▸ Data excerpt

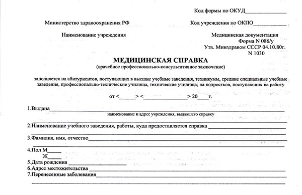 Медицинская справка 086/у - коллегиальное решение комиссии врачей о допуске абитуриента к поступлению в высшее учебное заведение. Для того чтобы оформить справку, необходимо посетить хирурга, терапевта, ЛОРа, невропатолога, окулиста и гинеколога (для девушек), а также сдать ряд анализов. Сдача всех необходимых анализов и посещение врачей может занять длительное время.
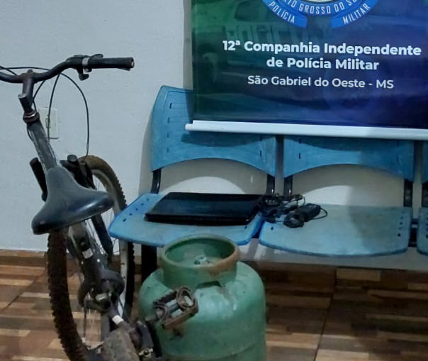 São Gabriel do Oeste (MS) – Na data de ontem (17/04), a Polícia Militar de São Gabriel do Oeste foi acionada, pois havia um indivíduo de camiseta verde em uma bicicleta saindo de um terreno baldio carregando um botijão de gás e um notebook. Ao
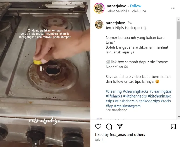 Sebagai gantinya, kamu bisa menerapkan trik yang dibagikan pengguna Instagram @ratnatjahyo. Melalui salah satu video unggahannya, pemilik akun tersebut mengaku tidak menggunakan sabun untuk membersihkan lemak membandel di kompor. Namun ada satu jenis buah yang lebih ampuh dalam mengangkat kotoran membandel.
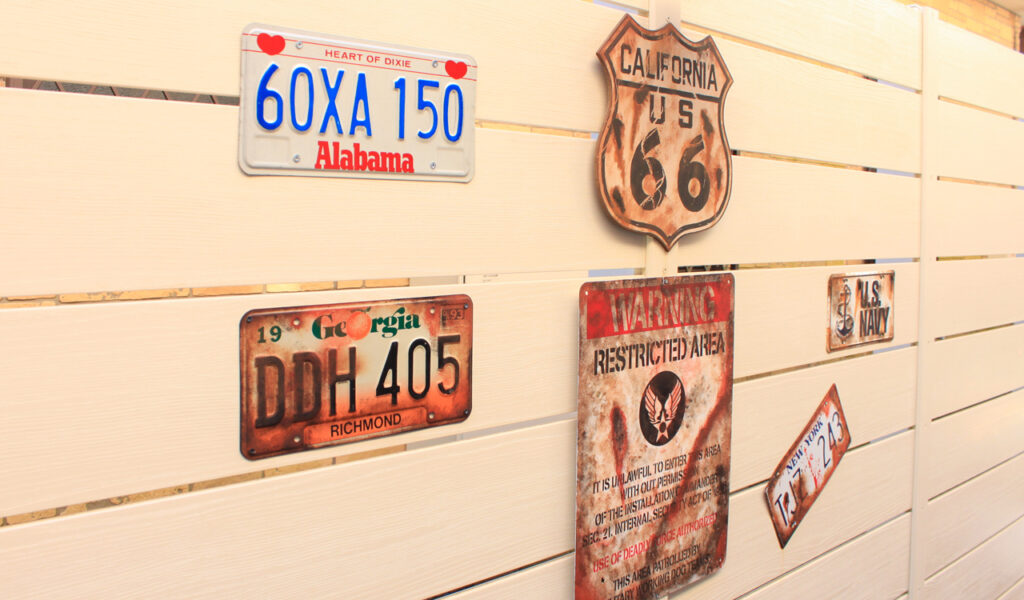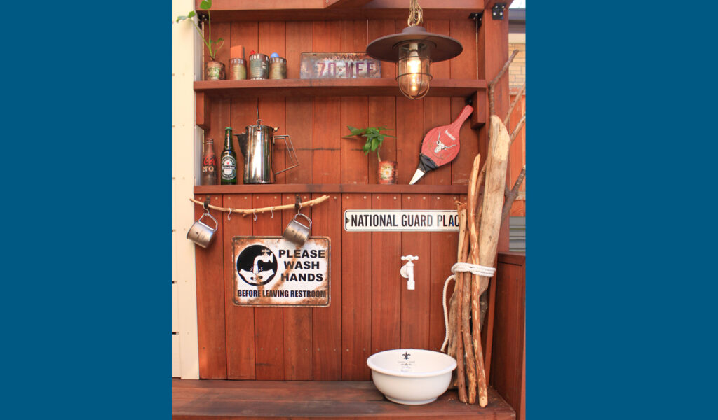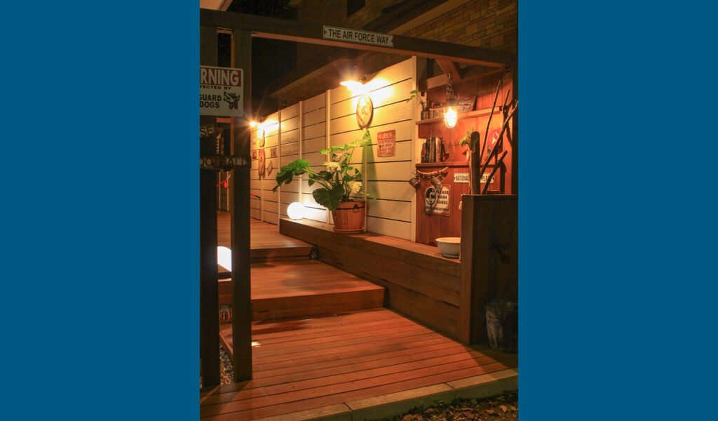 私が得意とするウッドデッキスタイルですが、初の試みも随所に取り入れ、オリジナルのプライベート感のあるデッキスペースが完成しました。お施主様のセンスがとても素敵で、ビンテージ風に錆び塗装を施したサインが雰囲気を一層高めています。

▸ Try it
Output the whole listing again, exactly, without its pictures.

▸ Output below
 Медицинская справка 086/у - коллегиальное решение комиссии врачей о допуске абитуриента к поступлению в высшее учебное заведение. Для того чтобы оформить справку, необходимо посетить хирурга, терапевта, ЛОРа, невропатолога, окулиста и гинеколога (для девушек), а также сдать ряд анализов. Сдача всех необходимых анализов и посещение врачей может занять длительное время.
 São Gabriel do Oeste (MS) – Na data de ontem (17/04), a Polícia Militar de São Gabriel do Oeste foi acionada, pois havia um indivíduo de camiseta verde em uma bicicleta saindo de um terreno baldio carregando um botijão de gás e um notebook. Ao
 Sebagai gantinya, kamu bisa menerapkan trik yang dibagikan pengguna Instagram @ratnatjahyo. Melalui salah satu video unggahannya, pemilik akun tersebut mengaku tidak menggunakan sabun untuk membersihkan lemak membandel di kompor. Namun ada satu jenis buah yang lebih ampuh dalam mengangkat kotoran membandel.
 私が得意とするウッドデッキスタイルですが、初の試みも随所に取り入れ、オリジナルのプライベート感のあるデッキスペースが完成しました。お施主様のセンスがとても素敵で、ビンテージ風に錆び塗装を施したサインが雰囲気を一層高めています。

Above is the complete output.